*Directions*
Word for word, restate the data that follows, omitting the images.

*Input data*

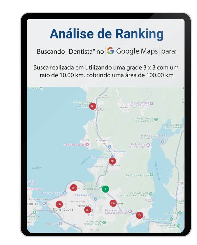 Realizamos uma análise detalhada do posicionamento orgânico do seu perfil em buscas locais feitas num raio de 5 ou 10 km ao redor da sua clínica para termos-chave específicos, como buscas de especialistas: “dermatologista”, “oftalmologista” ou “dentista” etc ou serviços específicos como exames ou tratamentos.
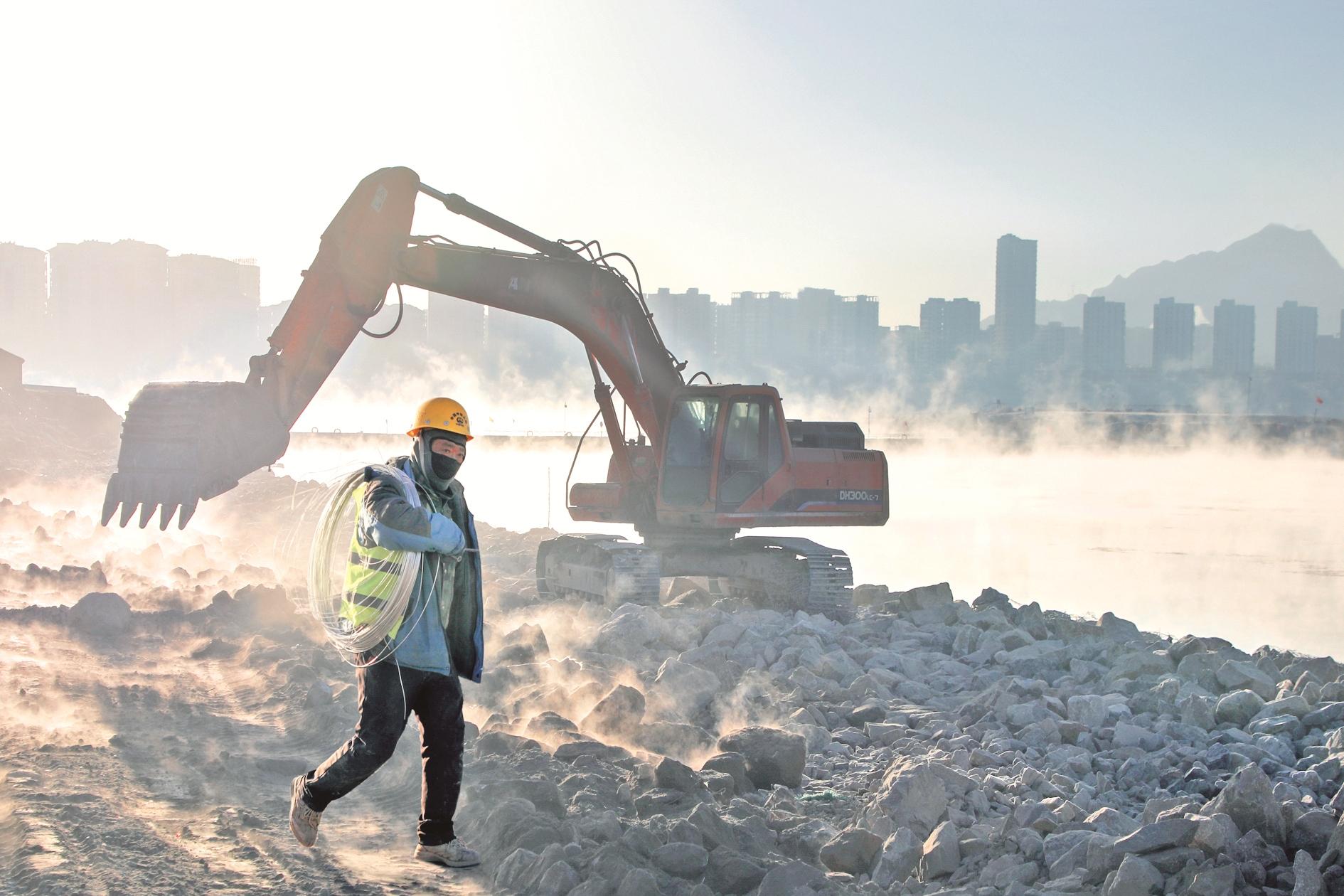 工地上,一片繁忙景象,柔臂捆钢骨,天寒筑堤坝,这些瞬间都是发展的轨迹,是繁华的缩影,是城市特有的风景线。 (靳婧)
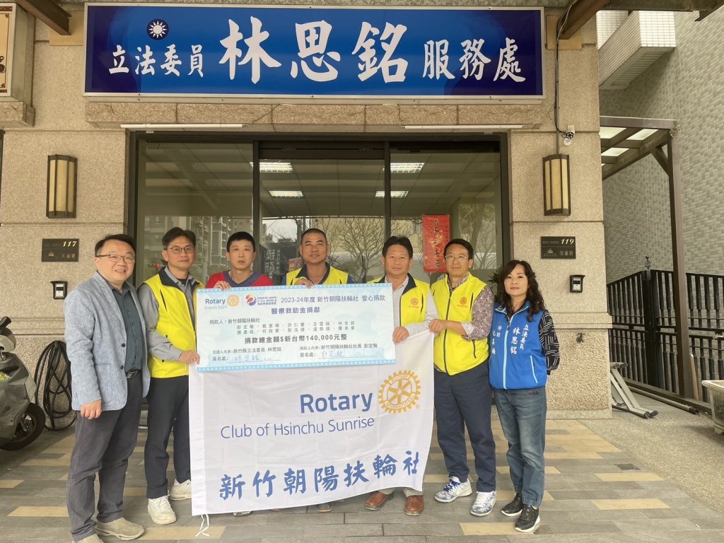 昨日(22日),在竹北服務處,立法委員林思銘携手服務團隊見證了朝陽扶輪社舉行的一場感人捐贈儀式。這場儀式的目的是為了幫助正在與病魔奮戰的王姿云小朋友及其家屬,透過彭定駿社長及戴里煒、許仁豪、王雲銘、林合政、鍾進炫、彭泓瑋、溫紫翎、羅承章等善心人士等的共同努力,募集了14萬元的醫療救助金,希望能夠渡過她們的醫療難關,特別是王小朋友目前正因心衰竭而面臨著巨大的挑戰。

*Exercise solution*
 Realizamos uma análise detalhada do posicionamento orgânico do seu perfil em buscas locais feitas num raio de 5 ou 10 km ao redor da sua clínica para termos-chave específicos, como buscas de especialistas: “dermatologista”, “oftalmologista” ou “dentista” etc ou serviços específicos como exames ou tratamentos.
 工地上,一片繁忙景象,柔臂捆钢骨,天寒筑堤坝,这些瞬间都是发展的轨迹,是繁华的缩影,是城市特有的风景线。 (靳婧)
 昨日(22日),在竹北服務處,立法委員林思銘携手服務團隊見證了朝陽扶輪社舉行的一場感人捐贈儀式。這場儀式的目的是為了幫助正在與病魔奮戰的王姿云小朋友及其家屬,透過彭定駿社長及戴里煒、許仁豪、王雲銘、林合政、鍾進炫、彭泓瑋、溫紫翎、羅承章等善心人士等的共同努力,募集了14萬元的醫療救助金,希望能夠渡過她們的醫療難關,特別是王小朋友目前正因心衰竭而面臨著巨大的挑戰。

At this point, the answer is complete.